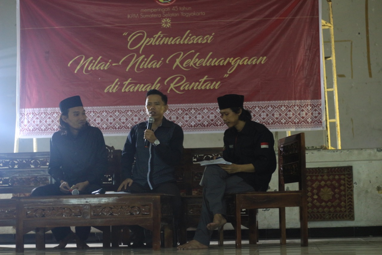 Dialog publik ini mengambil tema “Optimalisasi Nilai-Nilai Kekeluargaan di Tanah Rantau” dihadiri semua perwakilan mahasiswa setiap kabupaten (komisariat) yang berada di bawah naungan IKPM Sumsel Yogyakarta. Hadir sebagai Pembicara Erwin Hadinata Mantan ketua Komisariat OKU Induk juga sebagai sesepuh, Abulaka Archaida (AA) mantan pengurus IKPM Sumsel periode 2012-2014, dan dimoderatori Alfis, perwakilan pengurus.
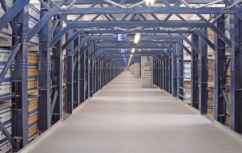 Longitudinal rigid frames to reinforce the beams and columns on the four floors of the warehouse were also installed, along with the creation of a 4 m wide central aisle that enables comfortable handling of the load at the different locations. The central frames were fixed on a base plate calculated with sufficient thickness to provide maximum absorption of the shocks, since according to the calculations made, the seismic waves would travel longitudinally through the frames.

* * *

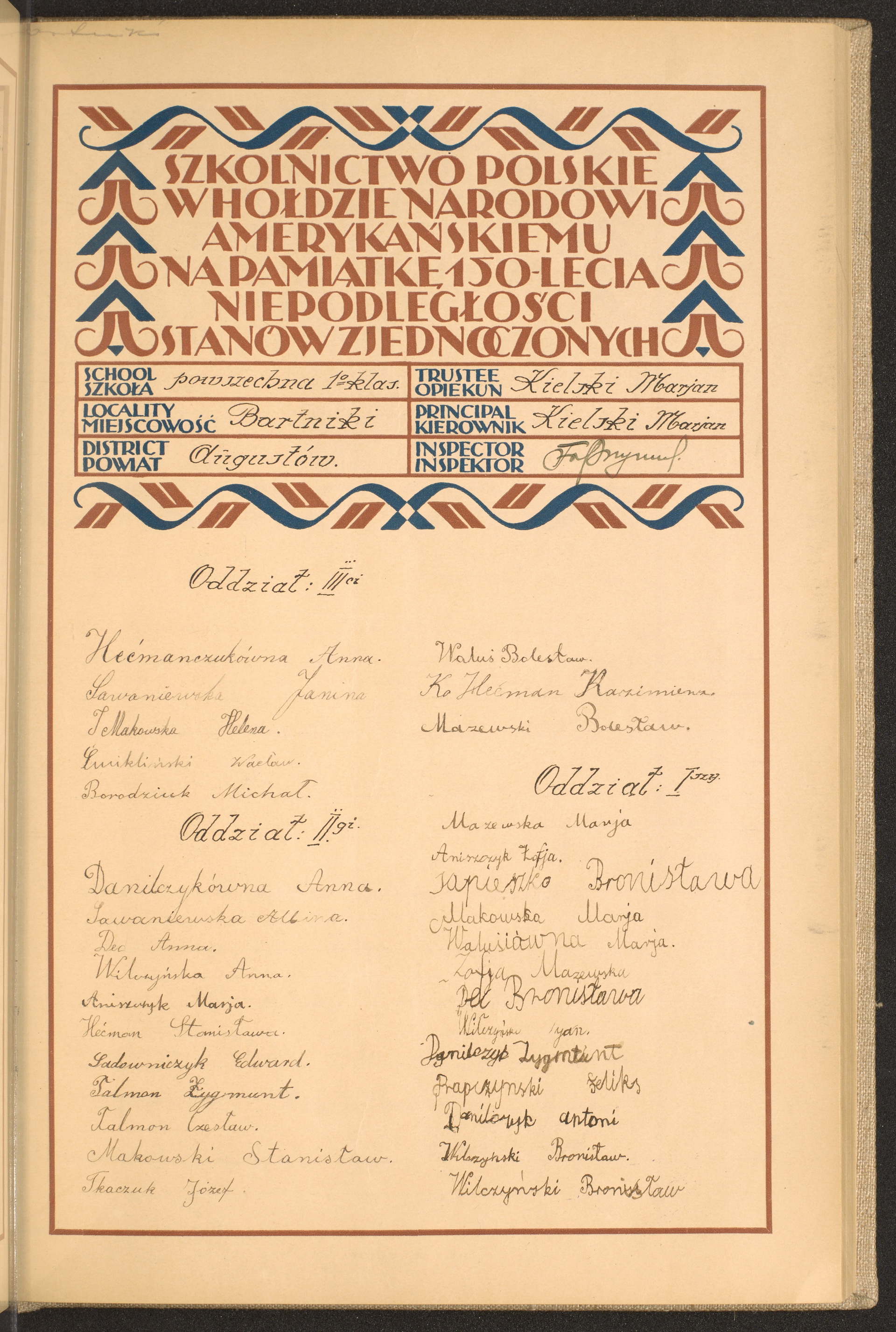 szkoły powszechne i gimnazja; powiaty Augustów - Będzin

...

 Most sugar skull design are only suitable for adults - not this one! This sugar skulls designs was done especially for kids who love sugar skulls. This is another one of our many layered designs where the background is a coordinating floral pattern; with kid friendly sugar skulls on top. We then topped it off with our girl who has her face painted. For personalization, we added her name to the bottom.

What the task asks =
Nothing but the lines above, starting at the line that contains "Dialog publik ini" and ending at the line that contains "Longitudinal rigid frames", should be given again, exactly and without the pictures.

Solution for this problem =
 Dialog publik ini mengambil tema “Optimalisasi Nilai-Nilai Kekeluargaan di Tanah Rantau” dihadiri semua perwakilan mahasiswa setiap kabupaten (komisariat) yang berada di bawah naungan IKPM Sumsel Yogyakarta. Hadir sebagai Pembicara Erwin Hadinata Mantan ketua Komisariat OKU Induk juga sebagai sesepuh, Abulaka Archaida (AA) mantan pengurus IKPM Sumsel periode 2012-2014, dan dimoderatori Alfis, perwakilan pengurus.
 Longitudinal rigid frames to reinforce the beams and columns on the four floors of the warehouse were also installed, along with the creation of a 4 m wide central aisle that enables comfortable handling of the load at the different locations. The central frames were fixed on a base plate calculated with sufficient thickness to provide maximum absorption of the shocks, since according to the calculations made, the seismic waves would travel longitudinally through the frames.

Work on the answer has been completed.